Metastatic disease to the heart and pericardium occurs at a frequency much greater than that of primary tumors.3339 In a review of more than 12,000 autopsies in Hong Kong, Lam et al.37 noted that cardiac metastases were over 20 times more common than primary tumors and may be present in up to 20% of patients dying of disease. The majority of cases have involvement of the pericardium, whereas myocardial involvement is uncommon. In a review of autopsy series of patients with a known malignancy, Hanfling35 noted the rate of reported cardiac involvement increased steadily from 1.5% in the late 1800 s to 18.3% in 1960. Contemporary series indicate the rate of cardiac metastases in patients dying of cancer may be as high as 20%.7,3538,40,41


The sites of origin of cardiac metastases from solid tumors are summarized in Table 54.2. Lung cancer is the most common cause of cardiac metastases and accounts for nearly one-half of all cases. Upper gastrointestinal malignancies and breast cancer are also common causes of cardiac metastases, accounting for one-fourth of all cases. The remaining one-fourth of cases arise from a wide variety of other malignancies.3338 Melanoma is purported to have the highest propensity for metastatic spread to the heart and tends to involve the endocardium or myocardium, with some series showing its incidence of cardiac metastases rivaling or exceeding that of lung cancers.2,41 Cardiac metastases may also originate from lymphoma or leukemia. In 1960, Hanfling35 reported that the proportion of cardiac metastases arising from these malignancies rivals that arising from solid tumors. However, multiple medical advances in both chemotherapy and diagnosis have occurred since then, and modern series consistently report that these histologies account for approximately 17% of cardiac metastases.33,34,36,37


Tumors of the GV are extremely rare. The literature on these consists mainly of case reports, and approximately 130 cases have been documented.
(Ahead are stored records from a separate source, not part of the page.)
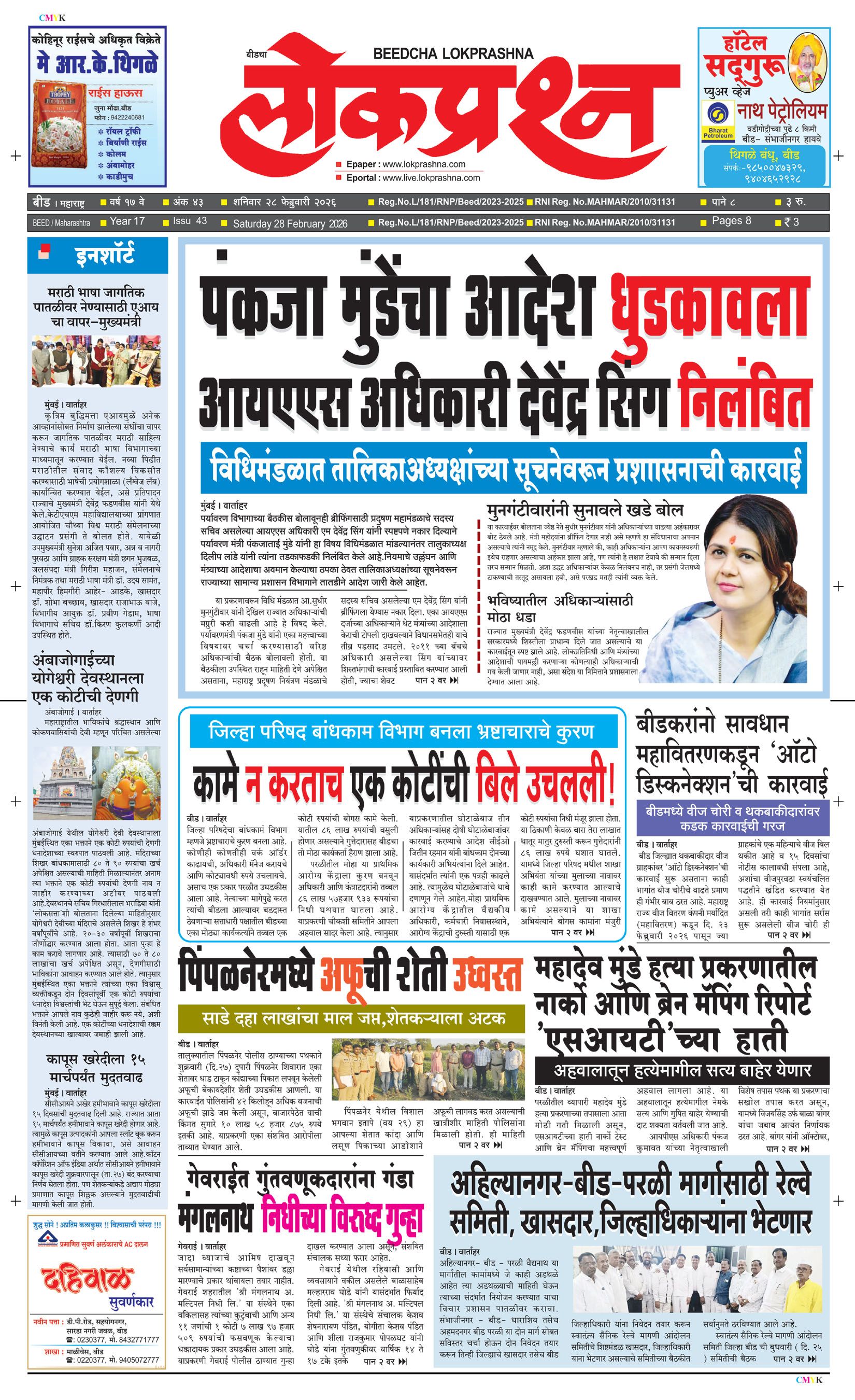 संपादक – दिलीप मधुकर खिस्ती, मो नं 9422242790, जाहिरात विभाग – 9595353531, dainiklokprashna@gmail.com, beedlokprashna@gmail.com, दै. बीडचा लोकप्रश्न, स्टेडियम कॉम्प्लेक्स सहयोगनगर, बीड जि. बीड – ४३११२२ पहिले पान दुसरे पान तिसरे पान चौथे पान पाचवे पान सहावे पान सातवे पान आठवे पान Visitor Counter free online counter Saturday, 28 February 2026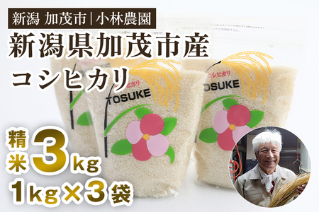 【令和7年産】加茂市小林農園のコシヒカリ 3kg(1kg×3袋) 新潟産コシヒカリ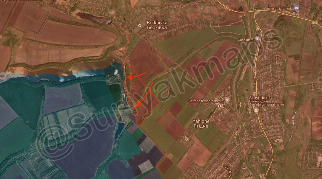 Tình hình phía bắc Bakhmut: Quân đội Nga giành lại quyền kiểm soát một loạt vị trí phía đông bắc Hồ chứa nước Berhovske, gia tăng vùng đệm phía nam Berkhivka/Берхівка.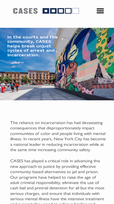 89%CASES does what prisons cannot: we help people heal, grow, & succeed in their communities DONATE Learn about our Work We provide comprehensive and compassionate services, featuring proven alternatives to incarceration and nationally recognized mental health programs. LEARN MORE Join the CASES Team We offer career opportunities for people dedicated to supporting some of our city's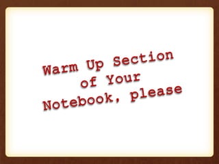 - Warm-up with Khan Academy on fractions and percents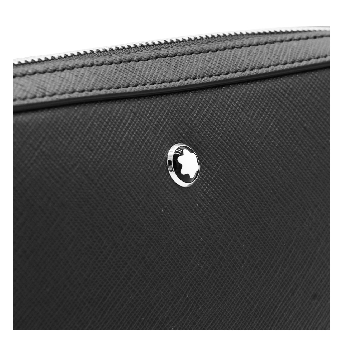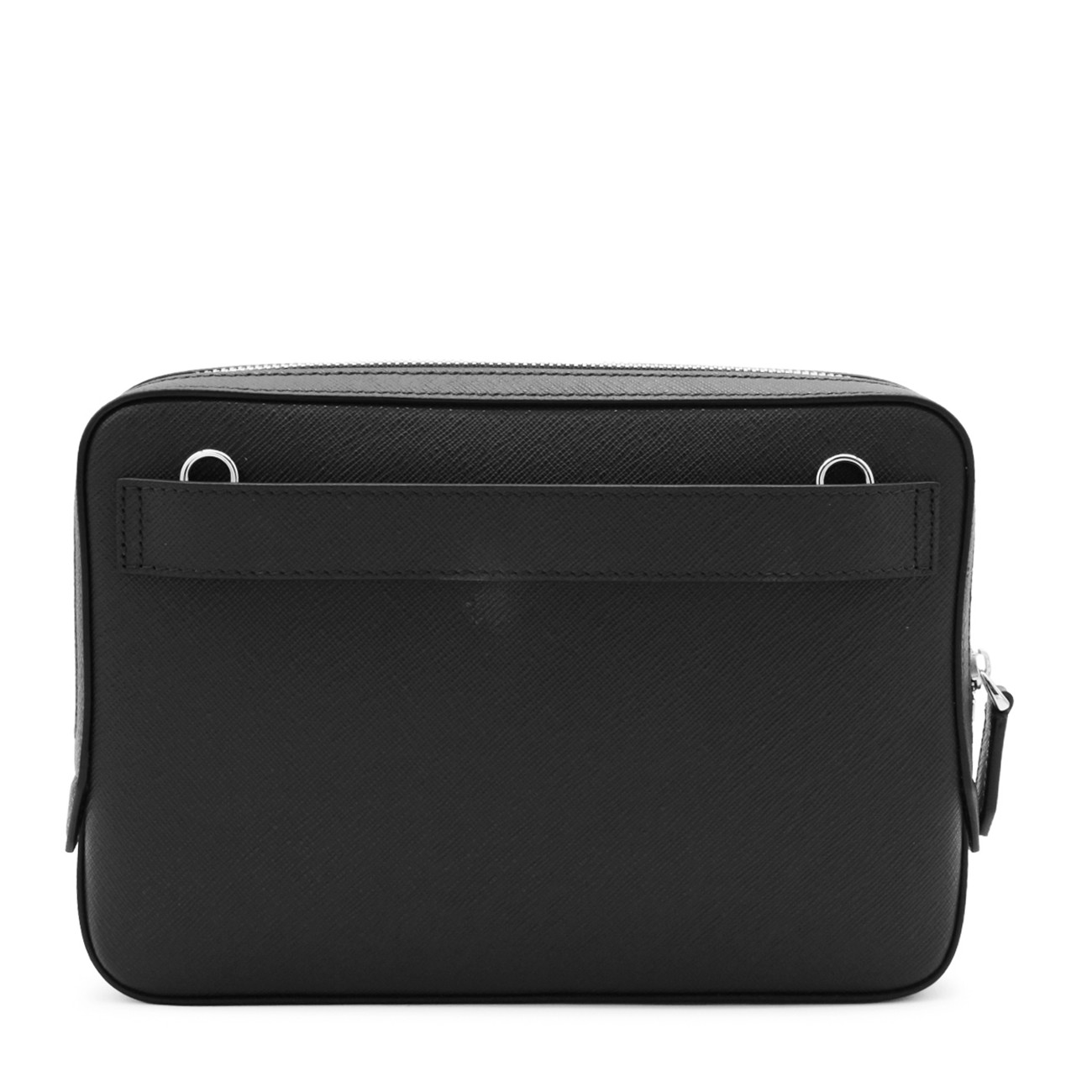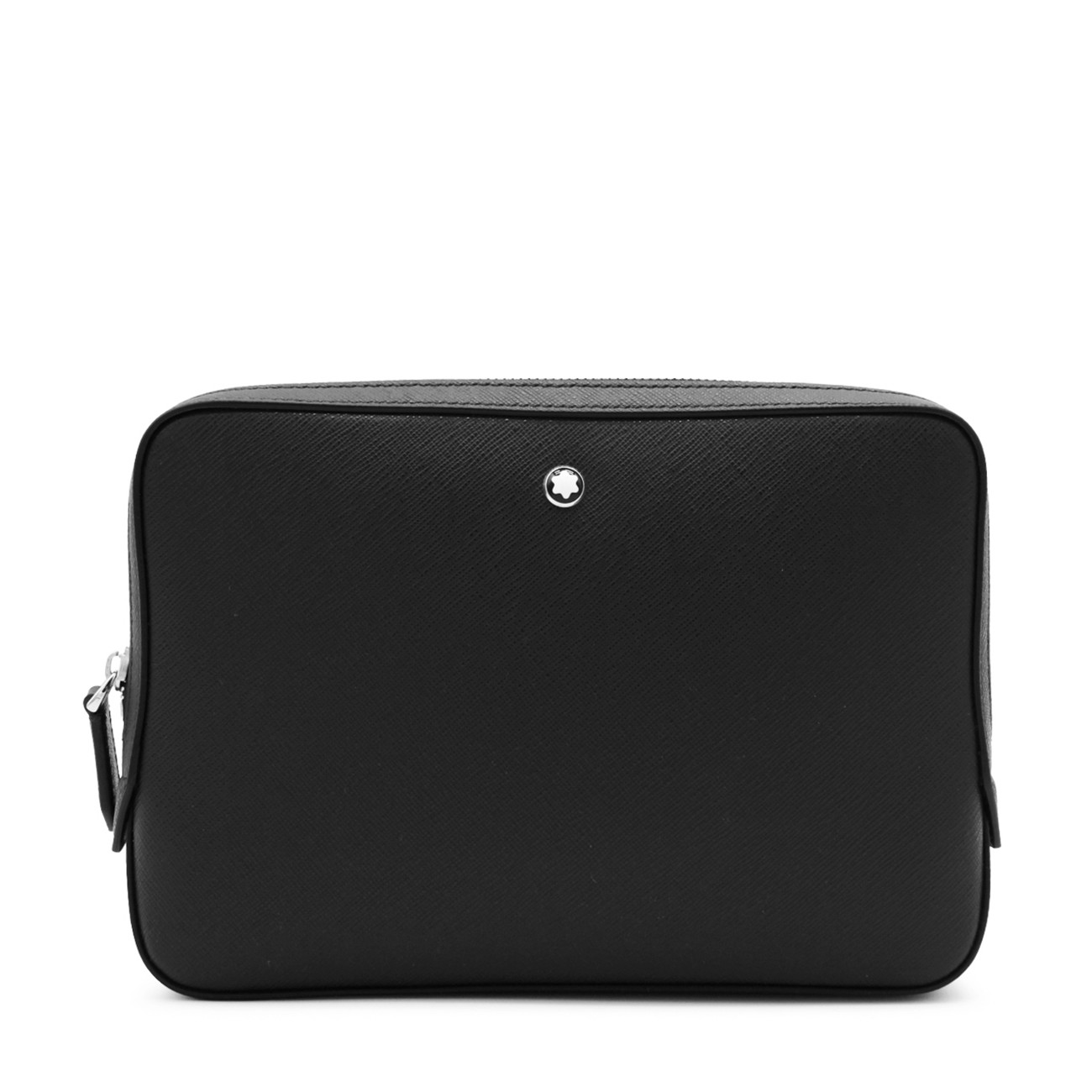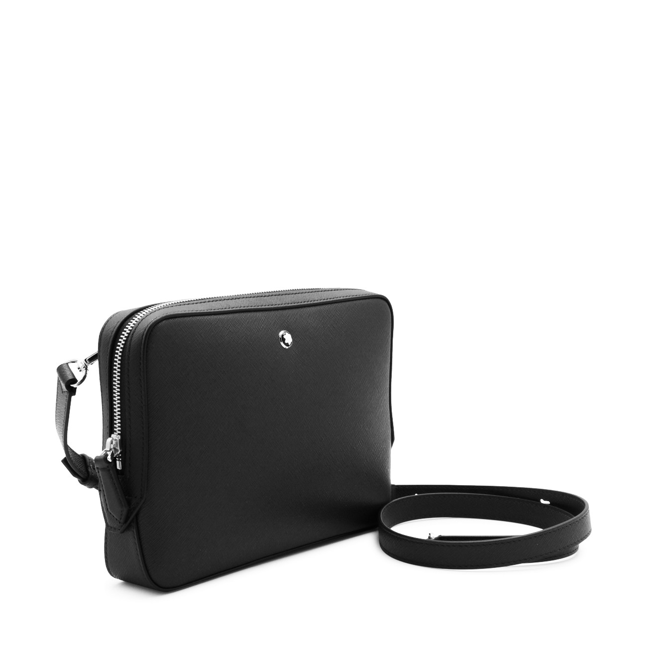 Black leather pouch from Montblanc featuring adjustable and removable shoulder strap, logo, zip fastening and main compartment.

As a whole, tumors of the GV are about as common as primary malignant pericardial mesothelioma. The largest series has been reported by Burke and Virmani.42 They evaluated 45 tumors on the files of the Armed Forces Institute of Pathology and found that all of the tumors were sarcomas, including intimal (undifferentiated) sarcoma, angiosarcoma, leiomyosarcoma, and synovial sarcoma. There appeared to be no sex predilection for tumors of the aorta or pulmonary artery, although the female-to-male ratio was 3 to 1 among patients with tumors of the IVC.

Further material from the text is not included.